[Problem to solve]:
Transcribe each entry exactly; skip the images.

Records contained in a dataset
::::
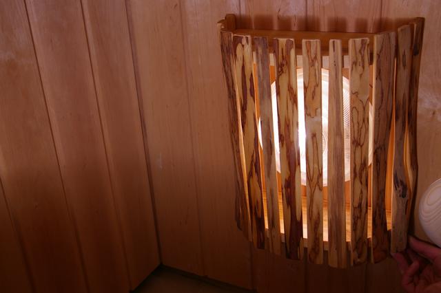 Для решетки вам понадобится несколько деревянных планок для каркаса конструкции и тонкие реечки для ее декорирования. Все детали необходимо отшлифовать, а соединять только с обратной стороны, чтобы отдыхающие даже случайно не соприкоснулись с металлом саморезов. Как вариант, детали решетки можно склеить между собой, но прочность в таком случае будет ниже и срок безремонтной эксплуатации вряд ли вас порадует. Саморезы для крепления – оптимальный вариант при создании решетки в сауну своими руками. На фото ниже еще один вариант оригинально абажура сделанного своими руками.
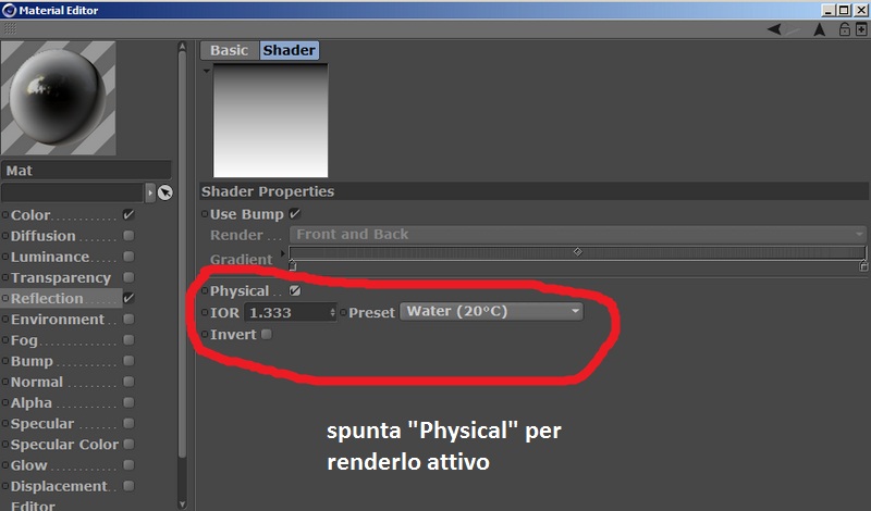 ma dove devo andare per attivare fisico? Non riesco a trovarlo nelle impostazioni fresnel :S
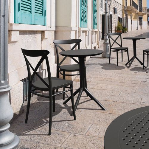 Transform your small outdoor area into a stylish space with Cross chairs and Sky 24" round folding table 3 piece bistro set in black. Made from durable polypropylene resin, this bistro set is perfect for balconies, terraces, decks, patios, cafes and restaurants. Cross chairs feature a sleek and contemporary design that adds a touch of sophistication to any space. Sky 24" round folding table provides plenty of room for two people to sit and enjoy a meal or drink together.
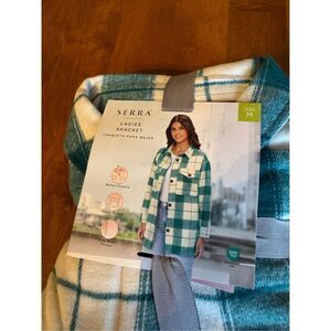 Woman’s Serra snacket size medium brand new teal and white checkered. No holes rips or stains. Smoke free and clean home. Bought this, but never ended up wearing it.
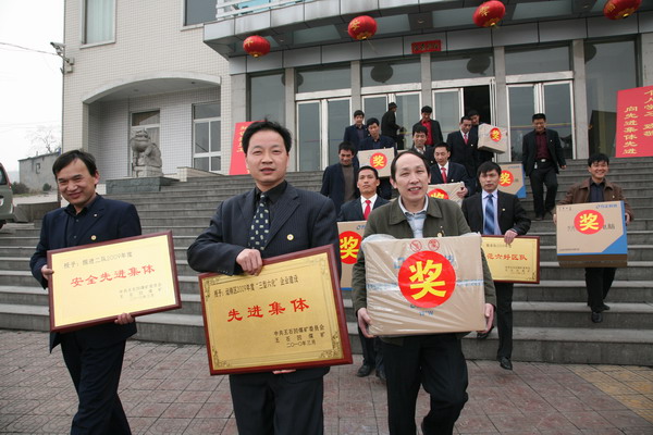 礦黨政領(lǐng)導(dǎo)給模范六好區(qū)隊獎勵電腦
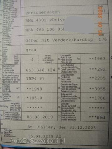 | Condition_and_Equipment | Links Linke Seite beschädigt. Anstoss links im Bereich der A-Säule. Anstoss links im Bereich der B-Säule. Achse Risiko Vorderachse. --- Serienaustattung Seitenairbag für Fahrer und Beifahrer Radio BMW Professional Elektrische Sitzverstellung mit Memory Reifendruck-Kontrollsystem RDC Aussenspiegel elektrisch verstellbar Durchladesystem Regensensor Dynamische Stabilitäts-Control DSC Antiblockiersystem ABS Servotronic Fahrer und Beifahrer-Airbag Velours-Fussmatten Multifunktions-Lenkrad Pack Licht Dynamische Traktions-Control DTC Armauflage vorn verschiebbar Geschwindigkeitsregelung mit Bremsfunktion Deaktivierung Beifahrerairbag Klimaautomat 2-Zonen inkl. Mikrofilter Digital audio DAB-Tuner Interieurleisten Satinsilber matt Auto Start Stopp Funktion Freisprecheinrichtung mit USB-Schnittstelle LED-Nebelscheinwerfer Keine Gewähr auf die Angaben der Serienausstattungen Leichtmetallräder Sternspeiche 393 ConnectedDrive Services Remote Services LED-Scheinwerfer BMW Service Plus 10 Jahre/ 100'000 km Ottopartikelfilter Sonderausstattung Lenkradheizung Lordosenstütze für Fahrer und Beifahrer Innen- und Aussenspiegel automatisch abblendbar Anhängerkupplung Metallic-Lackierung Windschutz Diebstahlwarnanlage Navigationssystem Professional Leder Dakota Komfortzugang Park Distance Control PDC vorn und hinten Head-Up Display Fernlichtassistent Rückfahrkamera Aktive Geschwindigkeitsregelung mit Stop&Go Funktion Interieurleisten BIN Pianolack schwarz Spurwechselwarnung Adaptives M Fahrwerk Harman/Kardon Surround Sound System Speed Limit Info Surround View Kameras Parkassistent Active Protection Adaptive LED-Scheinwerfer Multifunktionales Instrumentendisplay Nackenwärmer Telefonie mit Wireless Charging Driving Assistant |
::::
[Exercise output]:
 Для решетки вам понадобится несколько деревянных планок для каркаса конструкции и тонкие реечки для ее декорирования. Все детали необходимо отшлифовать, а соединять только с обратной стороны, чтобы отдыхающие даже случайно не соприкоснулись с металлом саморезов. Как вариант, детали решетки можно склеить между собой, но прочность в таком случае будет ниже и срок безремонтной эксплуатации вряд ли вас порадует. Саморезы для крепления – оптимальный вариант при создании решетки в сауну своими руками. На фото ниже еще один вариант оригинально абажура сделанного своими руками.
 ma dove devo andare per attivare fisico? Non riesco a trovarlo nelle impostazioni fresnel :S
 Transform your small outdoor area into a stylish space with Cross chairs and Sky 24" round folding table 3 piece bistro set in black. Made from durable polypropylene resin, this bistro set is perfect for balconies, terraces, decks, patios, cafes and restaurants. Cross chairs feature a sleek and contemporary design that adds a touch of sophistication to any space. Sky 24" round folding table provides plenty of room for two people to sit and enjoy a meal or drink together.
 Woman’s Serra snacket size medium brand new teal and white checkered. No holes rips or stains. Smoke free and clean home. Bought this, but never ended up wearing it.
 礦黨政領(lǐng)導(dǎo)給模范六好區(qū)隊獎勵電腦
 | Condition_and_Equipment | Links Linke Seite beschädigt. Anstoss links im Bereich der A-Säule. Anstoss links im Bereich der B-Säule. Achse Risiko Vorderachse. --- Serienaustattung Seitenairbag für Fahrer und Beifahrer Radio BMW Professional Elektrische Sitzverstellung mit Memory Reifendruck-Kontrollsystem RDC Aussenspiegel elektrisch verstellbar Durchladesystem Regensensor Dynamische Stabilitäts-Control DSC Antiblockiersystem ABS Servotronic Fahrer und Beifahrer-Airbag Velours-Fussmatten Multifunktions-Lenkrad Pack Licht Dynamische Traktions-Control DTC Armauflage vorn verschiebbar Geschwindigkeitsregelung mit Bremsfunktion Deaktivierung Beifahrerairbag Klimaautomat 2-Zonen inkl. Mikrofilter Digital audio DAB-Tuner Interieurleisten Satinsilber matt Auto Start Stopp Funktion Freisprecheinrichtung mit USB-Schnittstelle LED-Nebelscheinwerfer Keine Gewähr auf die Angaben der Serienausstattungen Leichtmetallräder Sternspeiche 393 ConnectedDrive Services Remote Services LED-Scheinwerfer BMW Service Plus 10 Jahre/ 100'000 km Ottopartikelfilter Sonderausstattung Lenkradheizung Lordosenstütze für Fahrer und Beifahrer Innen- und Aussenspiegel automatisch abblendbar Anhängerkupplung Metallic-Lackierung Windschutz Diebstahlwarnanlage Navigationssystem Professional Leder Dakota Komfortzugang Park Distance Control PDC vorn und hinten Head-Up Display Fernlichtassistent Rückfahrkamera Aktive Geschwindigkeitsregelung mit Stop&Go Funktion Interieurleisten BIN Pianolack schwarz Spurwechselwarnung Adaptives M Fahrwerk Harman/Kardon Surround Sound System Speed Limit Info Surround View Kameras Parkassistent Active Protection Adaptive LED-Scheinwerfer Multifunktionales Instrumentendisplay Nackenwärmer Telefonie mit Wireless Charging Driving Assistant |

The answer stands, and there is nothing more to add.